WHEN A WOMAN ASCENDS THE STAIRS
The transition from Imperial to modern Japan forced many changes. The role and position of women, however, was not one of them. When A Woman Ascends the Stairs chronicles the struggle and sadness behind the smiling faces of women who entertain men.
In post-war Japan the widow Keiko (Hideko Takamine) works as a bar hostess at the Lilac Bar. Mama as the other, younger hostesses call her, maintains her dignity while struggling financially despite having wealthy patrons. She wants to open her own bar, but simply has no money for such a thing.

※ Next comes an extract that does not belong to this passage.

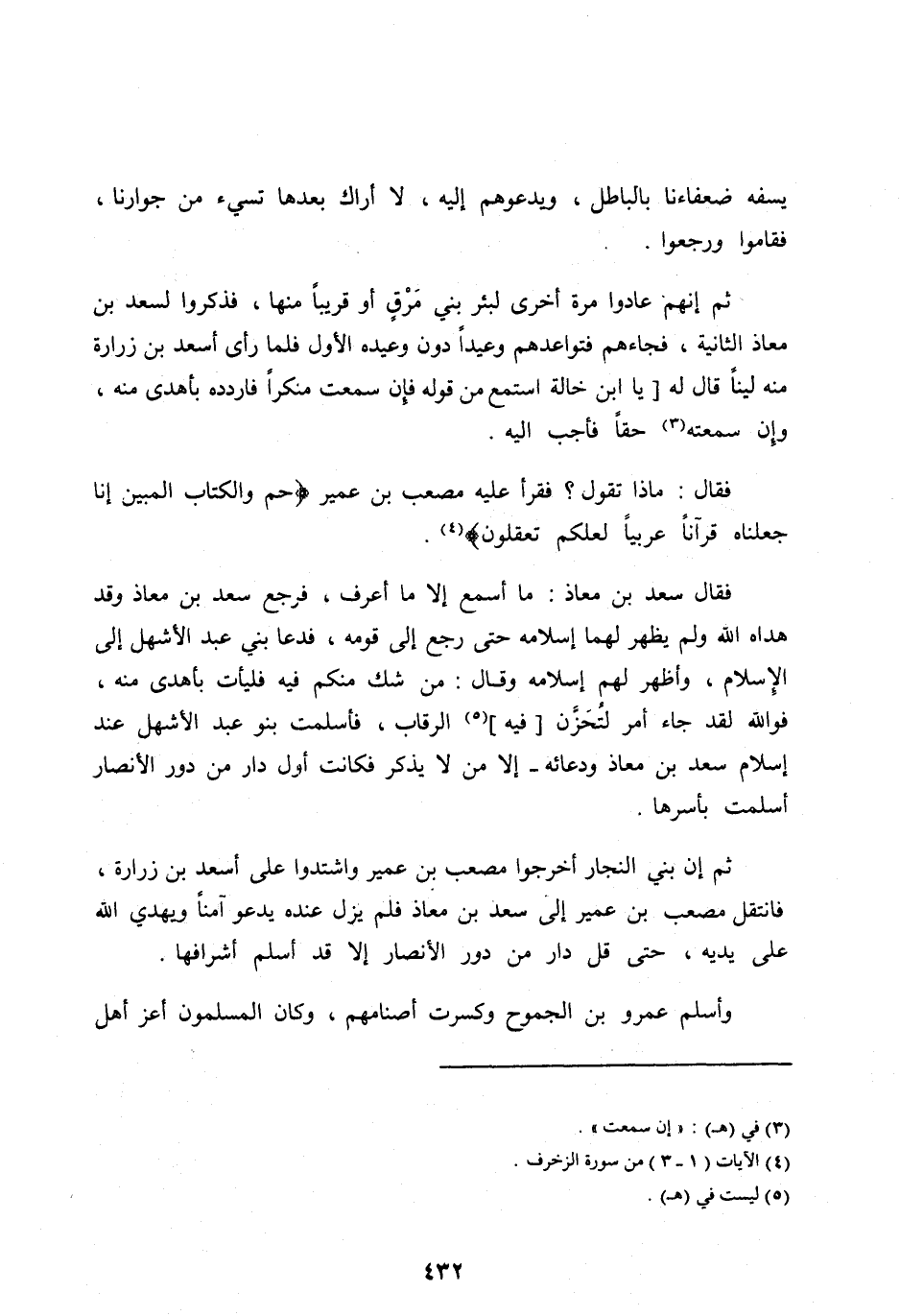 فَقَالَ سَعْدُ بْنُ مُعَاذٍ: مَا أَسْمَعُ إِلَّا مَا أَعْرِفُ، فَرَجَعَ سَعْدُ بْنُ مُعَاذٍ وَقَدْ هَدَاهُ اللهُ وَلَمْ يُظْهِرْ لَهُمَا إِسْلَامَهُ حَتَّى رَجَعَ إِلَى قَوْمِهِ، فَدَعَا بَنِي عَبْدِ الْأَشْهَلِ إِلَى الْإِسْلَامِ، وَأَظْهَرَ لَهُمْ إِسْلَامَهُ وَقَالَ: مَنْ شَكَّ مِنْكُمْ فِيهِ فَلْيَأْتِ بِأَهْدَى مِنْهُ، فو الله لَقَدْ جَاءَ أَمْرٌ لَتُحَزَّنَّ [فِيهِ] [ (5) ] الرِّقَابُ، فَأَسْلَمَتْ بَنُو عَبْدِ الْأَشْهَلِ عِنْدَ إِسْلَامِ سَعْدِ بْنِ مُعَاذٍ وَدُعَائِهِ- إِلَّا مَنْ لَا يُذْكَرُ فَكَانَتْ أَوَّلُ دَارٍ مِنْ دُورِ الْأَنْصَارِ أَسْلَمَتْ بِأَسْرِهَا.

Her former colleague Yuri (Keiko Awaji) has opened her own place, drawing customers away from the Lilac. Outwardly happy, she too is struggling financially. Keiko may entertain the men, but she won't sleep with them. She also hates going up the stairs to the bars she works at, finding that she can't fake it until she makes it.
In a shocking turn, Yuri commits suicide, though it is unclear whether she meant to or merely misjudged a fake attempt to keep her creditors at bay and accidentally killed herself. For once, Keiko can't go through the façade of the joyful geisha-like figure and berates the man who sent the bill collector to Yuri's grieving mother. Her manager Komatsu (Tatsuya Nakadai), who harbors love for Keiko, insists she do her job.
Illness, however, along with anger, prevent her, at least temporarily. After finally sleeping with a client who won't leave his wife, Keiko turns down Komatsu's proposal and ultimate ascends the stairs, presenting a happy face to new clients.
When A Woman Ascends the Stairs is a sharp critique of gender roles in Japanese society, one where women must put on a happy face to men who may or may not care for them in order to survive. The men are interested almost wholly in being catered to and entertained, but the private struggles of the women is of little importance.
Even Komatsu, perhaps the most sympathetic of the men, isn't above having sex with Junko (Reiko Dan), another bar hostess whom Keiko serves as unofficial mentor in the demimonde of neo-geisha. He sleeps with her to get information about Keiko, even though Junko sees him in a more romantic light. Naïve and upbeat, Junko wants a marriage but doesn't seem to mind being a hostess if it leads to a wealthy husband. Even a single tryst with Komatsu will make her happy.
It won't make Keiko happy though, and When A Woman Ascends the Stairs succeeds because of Hideko Takamine. Her performance is extraordinary, eliciting sympathy and strength in equal turns. Takamine does not make Keiko a victim but it also does not glorify her as a feminist. Instead, she makes Keiko a survivor, who cares about her fellow bar hostesses but who keeps a rich but private world separate from her work. Her performance is pitch-perfect, from when she denies a true story of her placing a love letter in her late husband's urn to telling off the man who drove Yuri to suicide (intentional or not).
Keiko is a strong woman, who has dreams but also private pains. You want her to succeed, but whether her last moment where she "happily" greets clients is a triumph or a fall is up to the viewer. Despite whatever life throws at her, she maintains her own honor and pride. "I love you but I prefer a husband," she tells her potential benefactor, showing she can't be bought even by what was intended as an act of kindness; when she returns his stock certificates at the train station with his wife present.
Though a smaller role, Nakadai supports Takamine as Komatsu, the man who privately loves her but who cannot bring himself to say it out loud until it is too late. He carries this torch but also has created a false goddess, idolizing her in a way that is just as regressive as the men Keiko entertains. Reprimanding her for her behavior towards the sleazy businessman, he makes clear what her role is. "You get paid to show men a good time. If you don't like it, take off that kimono and work in an office and starve", he snaps.
Whether he says this as a way to cover his own pain about her not seeing his ardor for her or because she in a way is business one doesn't know, but it makes Komatsu's struggle all the harder.
The film also has a surprisingly light and smooth jazz score, perhaps reflecting the outwardly upbeat but privately hard world it takes place in.
When A Woman Ascends the Stairs feels longer than it is and I wasn't big on Keiko's sporadic voiceover, but those are minor points. It's a well-acted film about how those smiles we get may not be anything more than a graceful performance, an artifice to keep body and soul together.